* WHAT THE EXERCISE ASKS: You are asked to copy the entire listing exactly, apart from its pictures.

* RECORD SET:
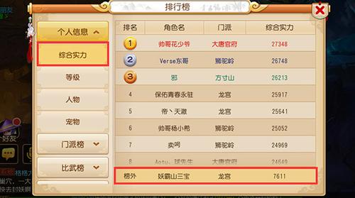 综合评分查看方法:点击排行榜→综合实力
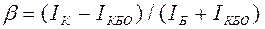 Очевидно, что коэффициент b есть отношение управляемой (изменяемой) части коллекторного тока (IК - IКБО) к управляемой части базового тока (IБ + IКБО).
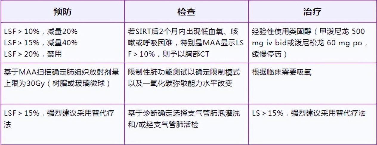 若在SIRT后观察到肺较高的异常摄取,则建议检测血氧饱和度或每1-2周予以6分钟步行测试,在出现血氧饱和度下降或呼吸困难时予以胸部CT检查。任何LSF>10%的患者在SIRT后3个月内出现呼吸困难也应予以胸部CT检查。若观察到特征性的双侧对称性、界限不清的斑片状浑浊或毛玻璃样结节,相对外周/肺门不受累,且可排除感染性或心脏性原因或药物性因素,则应开始治疗。虽然目前暂无证据支持,但一般建议选择类固醇类作为主要治疗药物。对患者予以至少2周的类固醇治疗,再缓慢减量,可以基于经验适当吸氧或加用己酮可可碱。
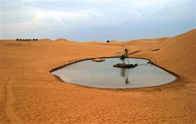 騰格里沙漠深處有一小湖泊,被開發(fā)成旅游景點。不過,由于地下水開采加劇,這個湖泊越來越萎縮。
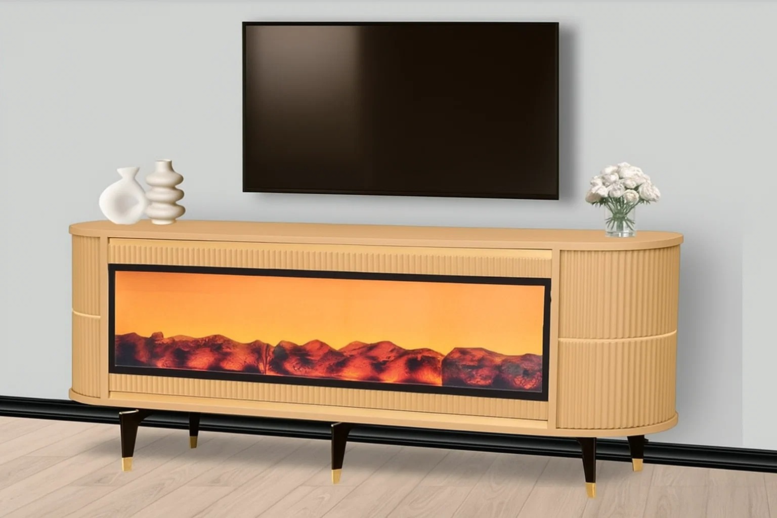 İkrasan Delüx Şömineli Tv Sehpası Cappucino Gold, dekoratif şömine tasarımı ve estetik detaylarıyla evinizin havasını değiştirir, hem şıklık hem fonksiyon kazandırır.
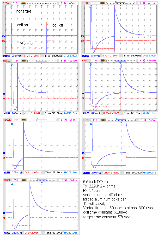 In my original calculation based on your scope traces I used 350 kHz not 377 kHz, and the calculated result was 324 ohms. The ratio between 625 and 350kHz =1.78. If I multiply the 324 damping resistance by the ratio it is 579 ohms. Calculating the 'coil only' resistance PI X .625 X 295 = 579 ohms. The difference is the effect of the capacitance added by your detector electronics. The 'coil only' or 'coil with feed line' self resonant frequency is a good indicator of coil speed but as Joe points out that speed is significantly diminished by the added capacitance of the detector electronics. Therefore the damping resistance must be determined with the coil in circuit.
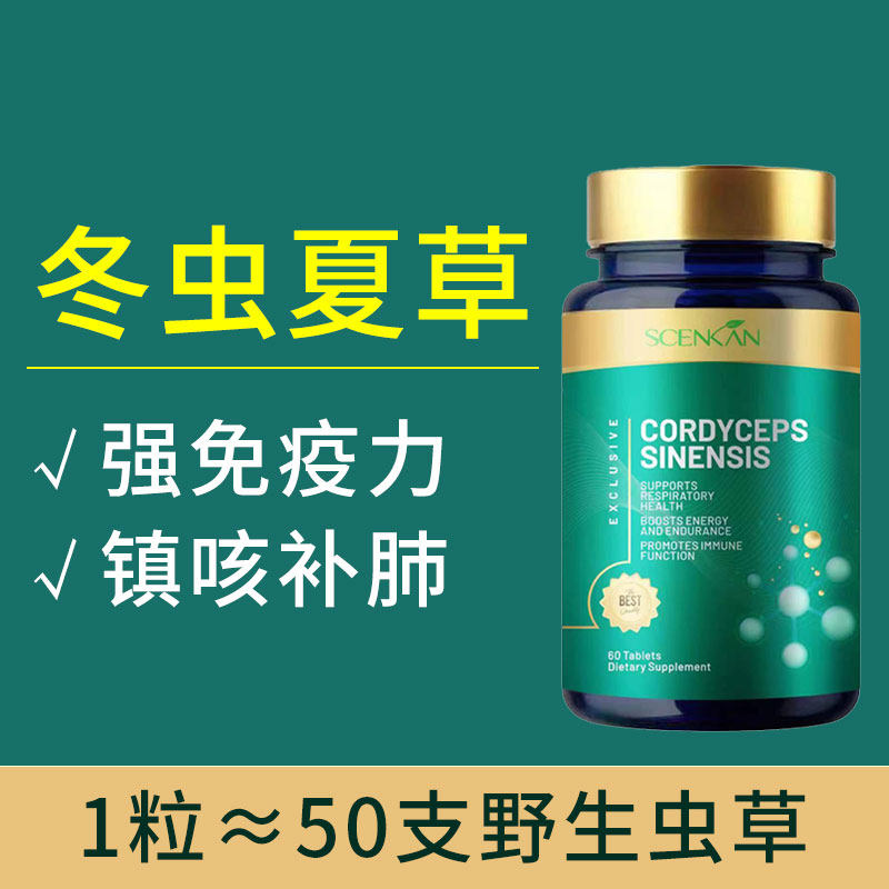 美国scenkan冬虫夏草精华片虫草菌丝体非胶囊强免疫力咳补肺肾
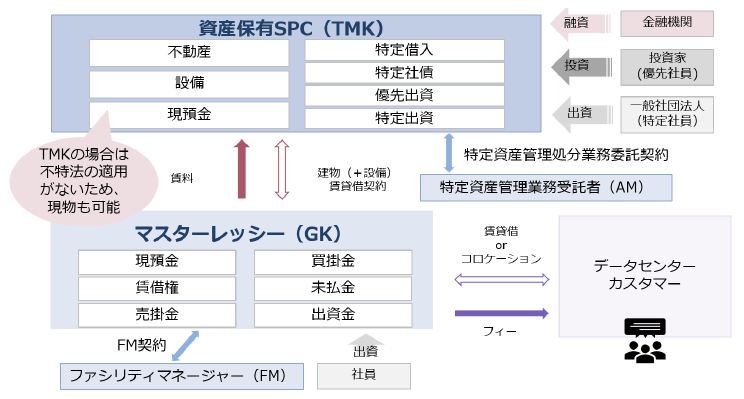 データセンターの開発・運営においてTMKストラクチャーを活用する際の主なメリットとして、TMKは不動産を現物で保有することができるため、必ずしも不動産を信託受益権化する必要がないことや、租税特別措置法上の導管性要件(同法第67条の14第1項参照)を満たす場合には利益配当の損金算入が可能となり二重課税の回避が制度上認められているため、GK-TKストラクチャーと比較して税務上の安定性が高いことなどが挙げられる。

* EXERCISE SOLUTION:
 综合评分查看方法:点击排行榜→综合实力
 Очевидно, что коэффициент b есть отношение управляемой (изменяемой) части коллекторного тока (IК - IКБО) к управляемой части базового тока (IБ + IКБО).
 若在SIRT后观察到肺较高的异常摄取,则建议检测血氧饱和度或每1-2周予以6分钟步行测试,在出现血氧饱和度下降或呼吸困难时予以胸部CT检查。任何LSF>10%的患者在SIRT后3个月内出现呼吸困难也应予以胸部CT检查。若观察到特征性的双侧对称性、界限不清的斑片状浑浊或毛玻璃样结节,相对外周/肺门不受累,且可排除感染性或心脏性原因或药物性因素,则应开始治疗。虽然目前暂无证据支持,但一般建议选择类固醇类作为主要治疗药物。对患者予以至少2周的类固醇治疗,再缓慢减量,可以基于经验适当吸氧或加用己酮可可碱。
 騰格里沙漠深處有一小湖泊,被開發(fā)成旅游景點。不過,由于地下水開采加劇,這個湖泊越來越萎縮。
 İkrasan Delüx Şömineli Tv Sehpası Cappucino Gold, dekoratif şömine tasarımı ve estetik detaylarıyla evinizin havasını değiştirir, hem şıklık hem fonksiyon kazandırır.
 In my original calculation based on your scope traces I used 350 kHz not 377 kHz, and the calculated result was 324 ohms. The ratio between 625 and 350kHz =1.78. If I multiply the 324 damping resistance by the ratio it is 579 ohms. Calculating the 'coil only' resistance PI X .625 X 295 = 579 ohms. The difference is the effect of the capacitance added by your detector electronics. The 'coil only' or 'coil with feed line' self resonant frequency is a good indicator of coil speed but as Joe points out that speed is significantly diminished by the added capacitance of the detector electronics. Therefore the damping resistance must be determined with the coil in circuit.
 美国scenkan冬虫夏草精华片虫草菌丝体非胶囊强免疫力咳补肺肾
 データセンターの開発・運営においてTMKストラクチャーを活用する際の主なメリットとして、TMKは不動産を現物で保有することができるため、必ずしも不動産を信託受益権化する必要がないことや、租税特別措置法上の導管性要件(同法第67条の14第1項参照)を満たす場合には利益配当の損金算入が可能となり二重課税の回避が制度上認められているため、GK-TKストラクチャーと比較して税務上の安定性が高いことなどが挙げられる。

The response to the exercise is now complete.